▶ _WHAT THE EXERCISE ASKS_: With the pictures left out, retype exactly the lines below starting at the line that contains "贵州省卫生健康委员会原党组成" and ending at the line that contains "Yxy 43.908,0.314,0.548 Color".

[SOURCE MATERIAL — start]

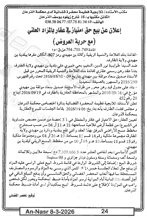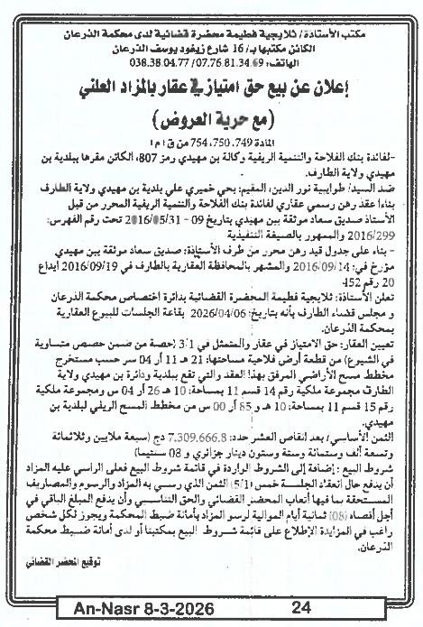 | Paru dans le journal : النصر | |
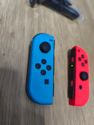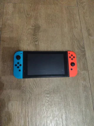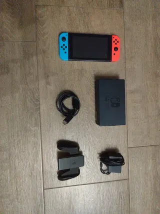 Videoconsola Nintendo Switch V1 azul y roja completa con accesorios La batería ha sido reemplazada por una nueva hace 3 meses. Incluye: - Base de carga (Dock) - Soporte para los mandos - Cargador oficial usado Funcionando a la perfección, como el primer día, Joy-Cons sin drift Algunos arañazos físicos superficiales
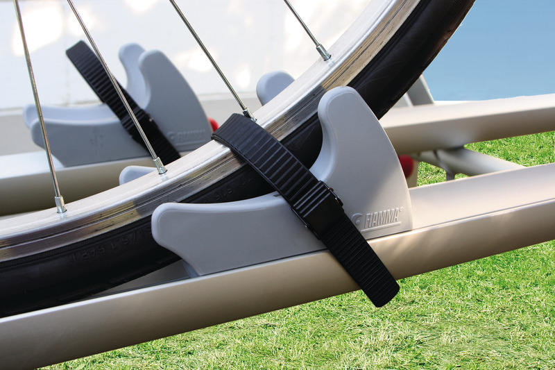 Schiene kann verstellt werden. Mit stabilem Zurrgurt für die Felgenbefestigung. Gurt läuft in der Führung der Fahrradschiene.
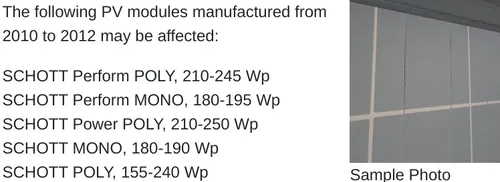 De Nederlandse Voedsel- en Warenautoriteit waarschuwt dat smmige zonnepanelen van Ecoran GmbH (voorheen Schott Solar) een schok kunnen geven als ze worden aangeraakt. Dat komt omdat de achterpanelen een slechte kwaliteit hebben. Vooral niet aanraken dus.
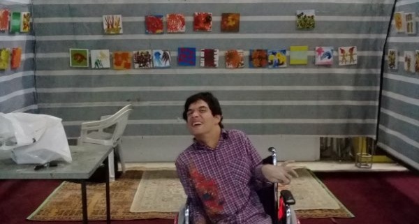 هنرمند توانخواه ویلچرنشین یزدی در یازدهمین نمایشگاه سراسری صنایع دستی یزد آثار خود را به نمایش گذاشت.
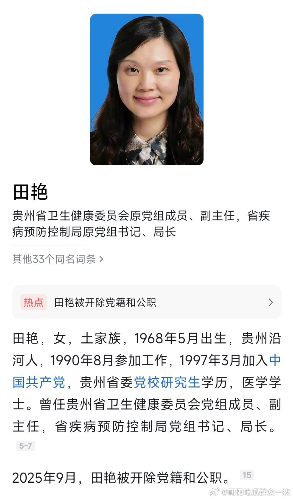 贵州省卫生健康委员会原党组成员、副主任,贵州省疾病预防控制局原党组书记、局长田艳被开除党籍和公职!热点现场
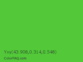Yxy 43.908,0.314,0.548 Color is a normal green color and the nearest color is Green RYB #66b032. Hex code #52c939 and RGB value is rgb(82,201,57). In RGB color space, this color is composed of 32% red, 79% green, 22% blue, In CMYK color space, this color is composed of 59% cyan, 0% magenta, 72% yellow , 21% black , In HSL color space, this color has a hue angle of 110° , 57% saturation and 51% lightness.
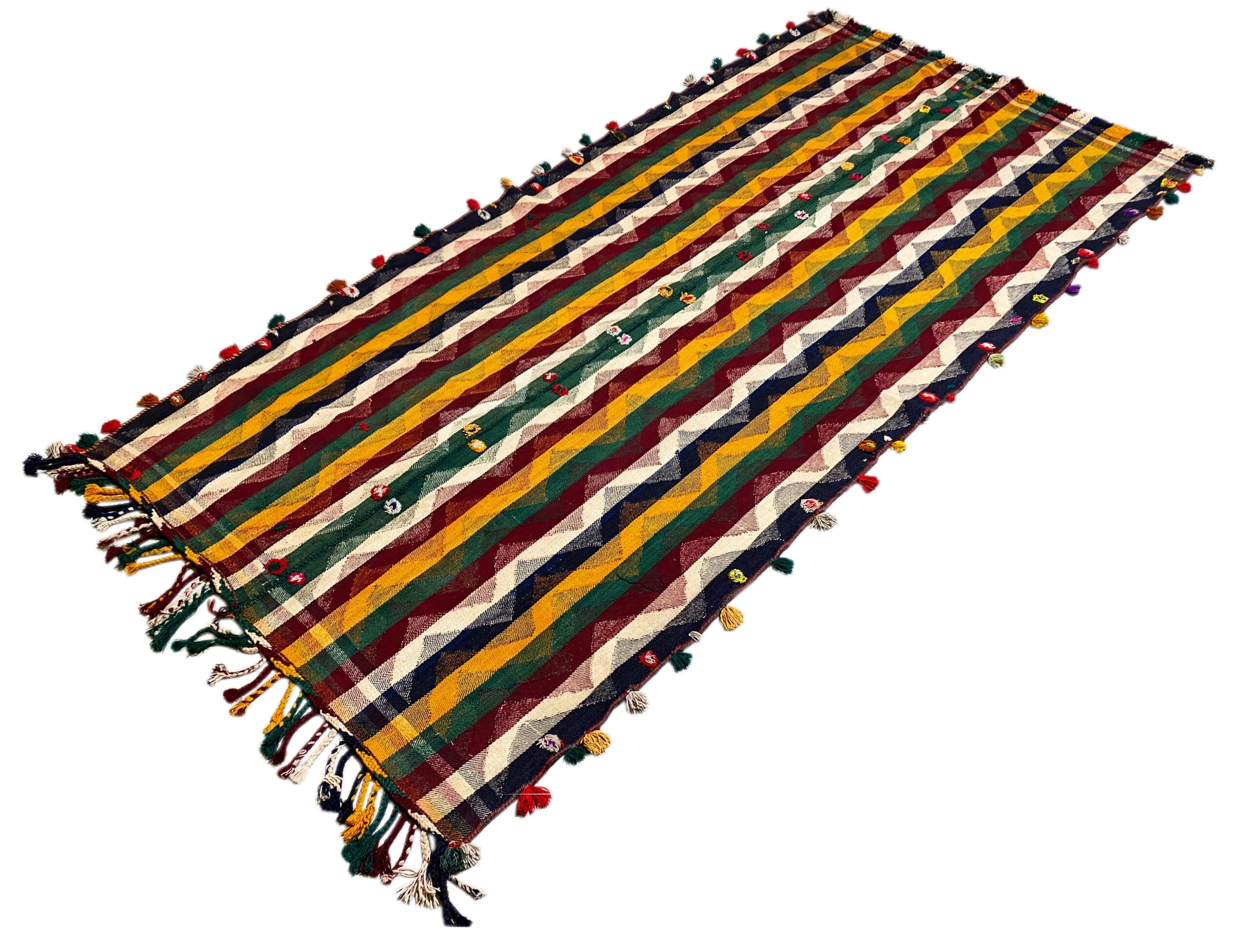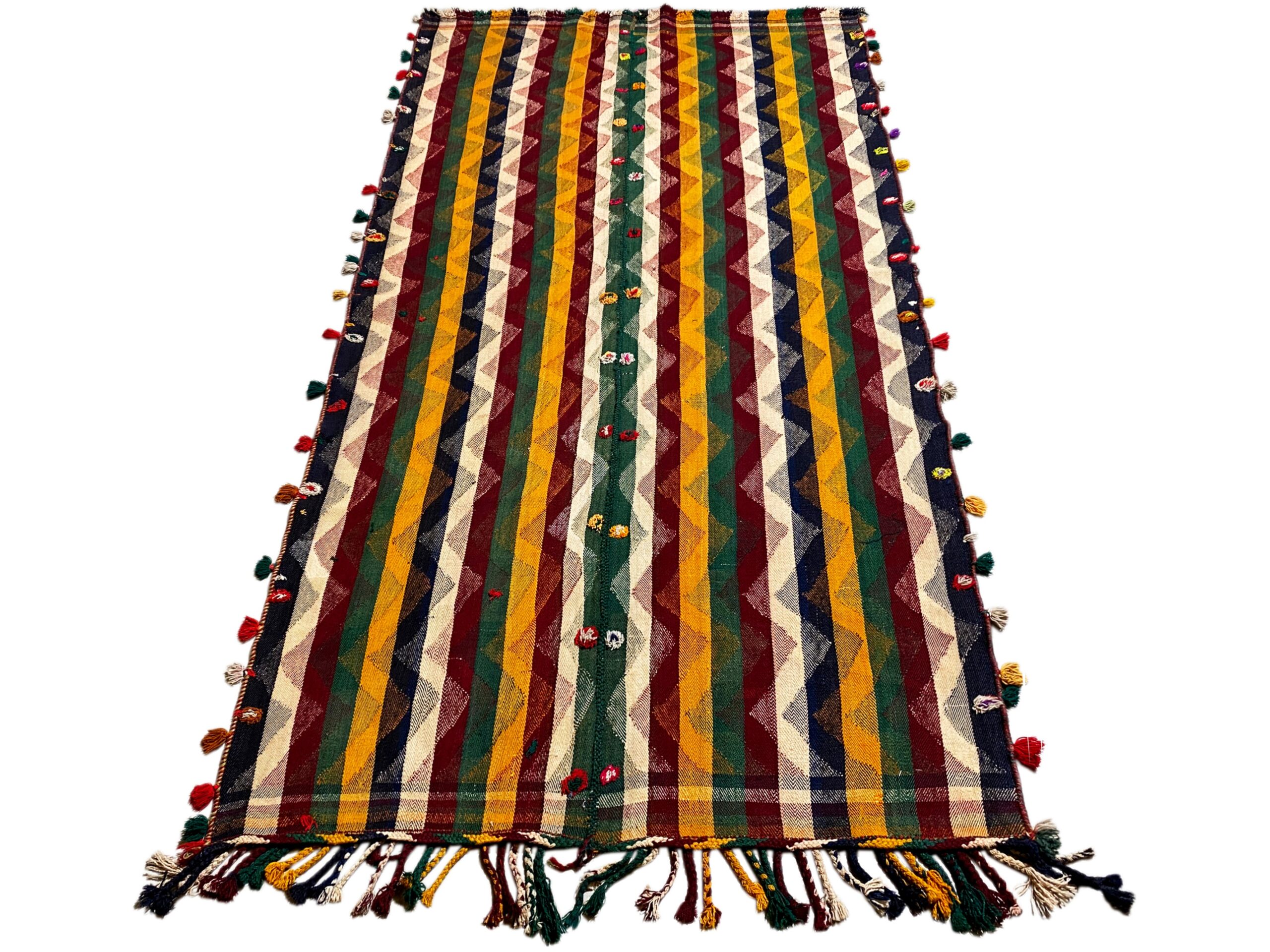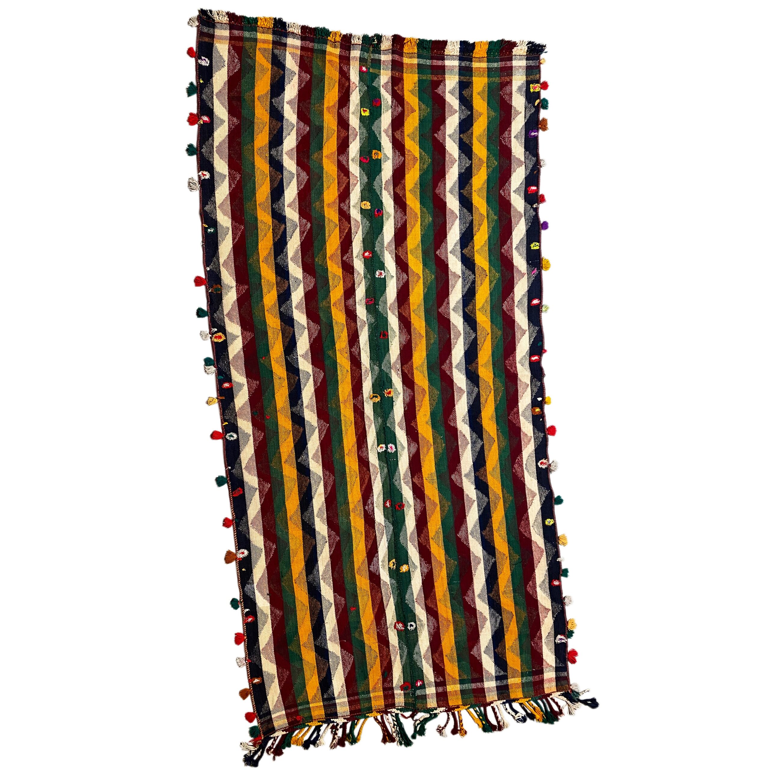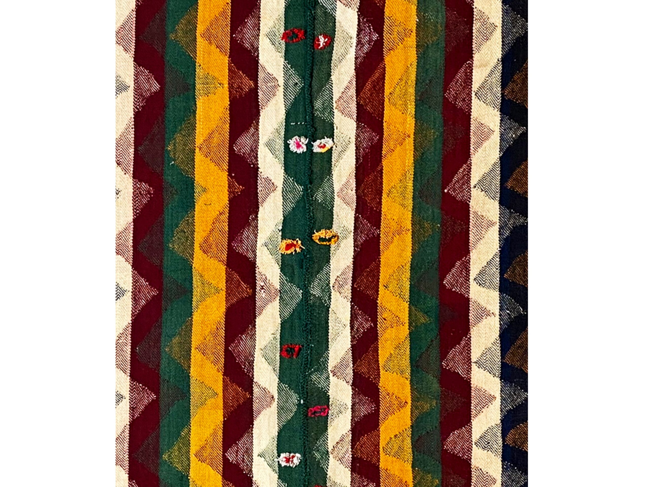 Traditionell handgewebter Jajim-Teppich mit authentischem Charakter und warmer Ausstrahlung. Hochwertige Materialien und traditionelle Handwerkskunst sorgen für Langlebigkeit und Stil.

[SOURCE MATERIAL — finish]

▶ _OUTPUT BELOW_:
 贵州省卫生健康委员会原党组成员、副主任,贵州省疾病预防控制局原党组书记、局长田艳被开除党籍和公职!热点现场
Yxy 43.908,0.314,0.548 Color is a normal green color and the nearest color is Green RYB #66b032. Hex code #52c939 and RGB value is rgb(82,201,57). In RGB color space, this color is composed of 32% red, 79% green, 22% blue, In CMYK color space, this color is composed of 59% cyan, 0% magenta, 72% yellow , 21% black , In HSL color space, this color has a hue angle of 110° , 57% saturation and 51% lightness.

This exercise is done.